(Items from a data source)
+--
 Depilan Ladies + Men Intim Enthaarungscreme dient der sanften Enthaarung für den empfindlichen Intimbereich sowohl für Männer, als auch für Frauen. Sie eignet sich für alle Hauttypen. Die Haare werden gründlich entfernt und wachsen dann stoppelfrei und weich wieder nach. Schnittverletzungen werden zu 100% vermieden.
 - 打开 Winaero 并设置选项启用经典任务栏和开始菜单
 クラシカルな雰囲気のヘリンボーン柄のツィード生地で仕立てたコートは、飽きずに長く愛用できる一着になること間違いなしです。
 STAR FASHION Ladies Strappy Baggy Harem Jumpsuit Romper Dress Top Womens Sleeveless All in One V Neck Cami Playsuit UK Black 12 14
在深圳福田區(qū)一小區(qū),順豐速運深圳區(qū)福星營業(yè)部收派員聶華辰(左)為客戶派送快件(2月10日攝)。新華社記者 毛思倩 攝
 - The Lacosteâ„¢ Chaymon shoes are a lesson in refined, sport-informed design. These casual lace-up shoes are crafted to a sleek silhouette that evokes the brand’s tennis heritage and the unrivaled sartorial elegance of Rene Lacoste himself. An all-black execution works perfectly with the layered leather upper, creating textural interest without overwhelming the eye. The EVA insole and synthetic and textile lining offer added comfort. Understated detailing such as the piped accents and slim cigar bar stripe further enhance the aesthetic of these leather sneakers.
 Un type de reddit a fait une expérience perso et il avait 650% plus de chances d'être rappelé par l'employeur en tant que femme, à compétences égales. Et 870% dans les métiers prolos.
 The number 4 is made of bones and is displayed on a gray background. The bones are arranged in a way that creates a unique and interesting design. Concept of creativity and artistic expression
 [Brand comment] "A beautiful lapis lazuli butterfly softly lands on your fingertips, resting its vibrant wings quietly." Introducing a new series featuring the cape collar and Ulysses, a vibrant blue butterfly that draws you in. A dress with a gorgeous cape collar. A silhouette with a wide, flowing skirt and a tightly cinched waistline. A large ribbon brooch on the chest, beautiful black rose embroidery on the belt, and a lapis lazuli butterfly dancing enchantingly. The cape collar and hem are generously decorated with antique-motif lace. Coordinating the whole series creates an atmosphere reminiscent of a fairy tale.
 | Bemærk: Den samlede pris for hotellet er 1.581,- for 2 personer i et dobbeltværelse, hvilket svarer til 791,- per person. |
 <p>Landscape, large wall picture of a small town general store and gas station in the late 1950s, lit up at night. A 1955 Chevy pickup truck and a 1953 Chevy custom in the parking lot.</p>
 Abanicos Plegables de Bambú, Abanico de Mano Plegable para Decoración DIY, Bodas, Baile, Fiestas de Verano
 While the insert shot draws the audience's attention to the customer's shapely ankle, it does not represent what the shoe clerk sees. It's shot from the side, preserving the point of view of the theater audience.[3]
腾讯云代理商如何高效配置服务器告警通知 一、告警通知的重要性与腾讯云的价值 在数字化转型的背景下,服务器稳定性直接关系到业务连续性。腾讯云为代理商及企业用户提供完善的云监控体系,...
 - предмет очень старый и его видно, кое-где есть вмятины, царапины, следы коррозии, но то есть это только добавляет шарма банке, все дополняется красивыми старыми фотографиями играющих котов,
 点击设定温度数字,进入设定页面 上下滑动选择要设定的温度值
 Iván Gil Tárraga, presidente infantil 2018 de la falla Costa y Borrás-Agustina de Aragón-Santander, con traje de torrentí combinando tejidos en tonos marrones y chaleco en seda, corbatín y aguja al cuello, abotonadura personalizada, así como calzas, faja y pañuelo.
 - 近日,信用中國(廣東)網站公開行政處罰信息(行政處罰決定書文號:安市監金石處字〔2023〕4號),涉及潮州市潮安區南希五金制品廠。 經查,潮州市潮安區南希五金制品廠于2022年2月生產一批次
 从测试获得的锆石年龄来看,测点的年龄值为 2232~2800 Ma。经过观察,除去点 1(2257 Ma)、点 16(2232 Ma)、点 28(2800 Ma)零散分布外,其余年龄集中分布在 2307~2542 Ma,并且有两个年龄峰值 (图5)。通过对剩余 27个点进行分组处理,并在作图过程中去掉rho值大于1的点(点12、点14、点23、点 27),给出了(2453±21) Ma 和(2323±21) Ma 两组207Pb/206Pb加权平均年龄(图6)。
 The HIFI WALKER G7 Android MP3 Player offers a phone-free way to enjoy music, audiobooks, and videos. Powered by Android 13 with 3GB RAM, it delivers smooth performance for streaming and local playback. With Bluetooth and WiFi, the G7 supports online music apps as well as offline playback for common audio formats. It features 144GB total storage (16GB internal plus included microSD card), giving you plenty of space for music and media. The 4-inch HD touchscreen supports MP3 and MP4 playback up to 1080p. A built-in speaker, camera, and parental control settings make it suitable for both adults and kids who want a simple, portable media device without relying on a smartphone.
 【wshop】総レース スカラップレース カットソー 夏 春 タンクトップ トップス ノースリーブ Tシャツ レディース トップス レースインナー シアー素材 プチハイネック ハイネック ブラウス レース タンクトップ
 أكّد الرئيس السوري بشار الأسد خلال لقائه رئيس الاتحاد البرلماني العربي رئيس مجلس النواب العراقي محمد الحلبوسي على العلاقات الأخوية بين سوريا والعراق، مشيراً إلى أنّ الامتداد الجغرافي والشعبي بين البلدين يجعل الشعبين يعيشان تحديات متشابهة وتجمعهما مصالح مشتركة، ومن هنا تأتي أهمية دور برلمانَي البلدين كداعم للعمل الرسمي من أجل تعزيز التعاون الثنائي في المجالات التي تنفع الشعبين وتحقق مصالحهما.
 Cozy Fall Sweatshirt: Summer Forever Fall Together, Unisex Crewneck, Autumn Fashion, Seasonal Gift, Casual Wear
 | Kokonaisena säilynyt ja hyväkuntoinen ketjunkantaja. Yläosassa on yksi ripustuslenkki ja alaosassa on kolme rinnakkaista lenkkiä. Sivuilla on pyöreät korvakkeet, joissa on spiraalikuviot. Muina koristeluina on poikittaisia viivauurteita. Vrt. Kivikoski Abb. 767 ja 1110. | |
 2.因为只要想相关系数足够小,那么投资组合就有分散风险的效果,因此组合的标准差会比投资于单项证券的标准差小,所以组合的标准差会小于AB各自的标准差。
+--
● **WHAT YOU NEED TO DO**
Reproduce the data in full, precisely as given.

● **WRITTEN ANSWER**
 Depilan Ladies + Men Intim Enthaarungscreme dient der sanften Enthaarung für den empfindlichen Intimbereich sowohl für Männer, als auch für Frauen. Sie eignet sich für alle Hauttypen. Die Haare werden gründlich entfernt und wachsen dann stoppelfrei und weich wieder nach. Schnittverletzungen werden zu 100% vermieden.
 - 打开 Winaero 并设置选项启用经典任务栏和开始菜单
 クラシカルな雰囲気のヘリンボーン柄のツィード生地で仕立てたコートは、飽きずに長く愛用できる一着になること間違いなしです。
 STAR FASHION Ladies Strappy Baggy Harem Jumpsuit Romper Dress Top Womens Sleeveless All in One V Neck Cami Playsuit UK Black 12 14
在深圳福田區(qū)一小區(qū),順豐速運深圳區(qū)福星營業(yè)部收派員聶華辰(左)為客戶派送快件(2月10日攝)。新華社記者 毛思倩 攝
 - The Lacosteâ„¢ Chaymon shoes are a lesson in refined, sport-informed design. These casual lace-up shoes are crafted to a sleek silhouette that evokes the brand’s tennis heritage and the unrivaled sartorial elegance of Rene Lacoste himself. An all-black execution works perfectly with the layered leather upper, creating textural interest without overwhelming the eye. The EVA insole and synthetic and textile lining offer added comfort. Understated detailing such as the piped accents and slim cigar bar stripe further enhance the aesthetic of these leather sneakers.
 Un type de reddit a fait une expérience perso et il avait 650% plus de chances d'être rappelé par l'employeur en tant que femme, à compétences égales. Et 870% dans les métiers prolos.
 The number 4 is made of bones and is displayed on a gray background. The bones are arranged in a way that creates a unique and interesting design. Concept of creativity and artistic expression
 [Brand comment] "A beautiful lapis lazuli butterfly softly lands on your fingertips, resting its vibrant wings quietly." Introducing a new series featuring the cape collar and Ulysses, a vibrant blue butterfly that draws you in. A dress with a gorgeous cape collar. A silhouette with a wide, flowing skirt and a tightly cinched waistline. A large ribbon brooch on the chest, beautiful black rose embroidery on the belt, and a lapis lazuli butterfly dancing enchantingly. The cape collar and hem are generously decorated with antique-motif lace. Coordinating the whole series creates an atmosphere reminiscent of a fairy tale.
 | Bemærk: Den samlede pris for hotellet er 1.581,- for 2 personer i et dobbeltværelse, hvilket svarer til 791,- per person. |
 <p>Landscape, large wall picture of a small town general store and gas station in the late 1950s, lit up at night. A 1955 Chevy pickup truck and a 1953 Chevy custom in the parking lot.</p>
 Abanicos Plegables de Bambú, Abanico de Mano Plegable para Decoración DIY, Bodas, Baile, Fiestas de Verano
 While the insert shot draws the audience's attention to the customer's shapely ankle, it does not represent what the shoe clerk sees. It's shot from the side, preserving the point of view of the theater audience.[3]
腾讯云代理商如何高效配置服务器告警通知 一、告警通知的重要性与腾讯云的价值 在数字化转型的背景下,服务器稳定性直接关系到业务连续性。腾讯云为代理商及企业用户提供完善的云监控体系,...
 - предмет очень старый и его видно, кое-где есть вмятины, царапины, следы коррозии, но то есть это только добавляет шарма банке, все дополняется красивыми старыми фотографиями играющих котов,
 点击设定温度数字,进入设定页面 上下滑动选择要设定的温度值
 Iván Gil Tárraga, presidente infantil 2018 de la falla Costa y Borrás-Agustina de Aragón-Santander, con traje de torrentí combinando tejidos en tonos marrones y chaleco en seda, corbatín y aguja al cuello, abotonadura personalizada, así como calzas, faja y pañuelo.
 - 近日,信用中國(廣東)網站公開行政處罰信息(行政處罰決定書文號:安市監金石處字〔2023〕4號),涉及潮州市潮安區南希五金制品廠。 經查,潮州市潮安區南希五金制品廠于2022年2月生產一批次
 从测试获得的锆石年龄来看,测点的年龄值为 2232~2800 Ma。经过观察,除去点 1(2257 Ma)、点 16(2232 Ma)、点 28(2800 Ma)零散分布外,其余年龄集中分布在 2307~2542 Ma,并且有两个年龄峰值 (图5)。通过对剩余 27个点进行分组处理,并在作图过程中去掉rho值大于1的点(点12、点14、点23、点 27),给出了(2453±21) Ma 和(2323±21) Ma 两组207Pb/206Pb加权平均年龄(图6)。
 The HIFI WALKER G7 Android MP3 Player offers a phone-free way to enjoy music, audiobooks, and videos. Powered by Android 13 with 3GB RAM, it delivers smooth performance for streaming and local playback. With Bluetooth and WiFi, the G7 supports online music apps as well as offline playback for common audio formats. It features 144GB total storage (16GB internal plus included microSD card), giving you plenty of space for music and media. The 4-inch HD touchscreen supports MP3 and MP4 playback up to 1080p. A built-in speaker, camera, and parental control settings make it suitable for both adults and kids who want a simple, portable media device without relying on a smartphone.
 【wshop】総レース スカラップレース カットソー 夏 春 タンクトップ トップス ノースリーブ Tシャツ レディース トップス レースインナー シアー素材 プチハイネック ハイネック ブラウス レース タンクトップ
 أكّد الرئيس السوري بشار الأسد خلال لقائه رئيس الاتحاد البرلماني العربي رئيس مجلس النواب العراقي محمد الحلبوسي على العلاقات الأخوية بين سوريا والعراق، مشيراً إلى أنّ الامتداد الجغرافي والشعبي بين البلدين يجعل الشعبين يعيشان تحديات متشابهة وتجمعهما مصالح مشتركة، ومن هنا تأتي أهمية دور برلمانَي البلدين كداعم للعمل الرسمي من أجل تعزيز التعاون الثنائي في المجالات التي تنفع الشعبين وتحقق مصالحهما.
 Cozy Fall Sweatshirt: Summer Forever Fall Together, Unisex Crewneck, Autumn Fashion, Seasonal Gift, Casual Wear
 | Kokonaisena säilynyt ja hyväkuntoinen ketjunkantaja. Yläosassa on yksi ripustuslenkki ja alaosassa on kolme rinnakkaista lenkkiä. Sivuilla on pyöreät korvakkeet, joissa on spiraalikuviot. Muina koristeluina on poikittaisia viivauurteita. Vrt. Kivikoski Abb. 767 ja 1110. | |
 2.因为只要想相关系数足够小,那么投资组合就有分散风险的效果,因此组合的标准差会比投资于单项证券的标准差小,所以组合的标准差会小于AB各自的标准差。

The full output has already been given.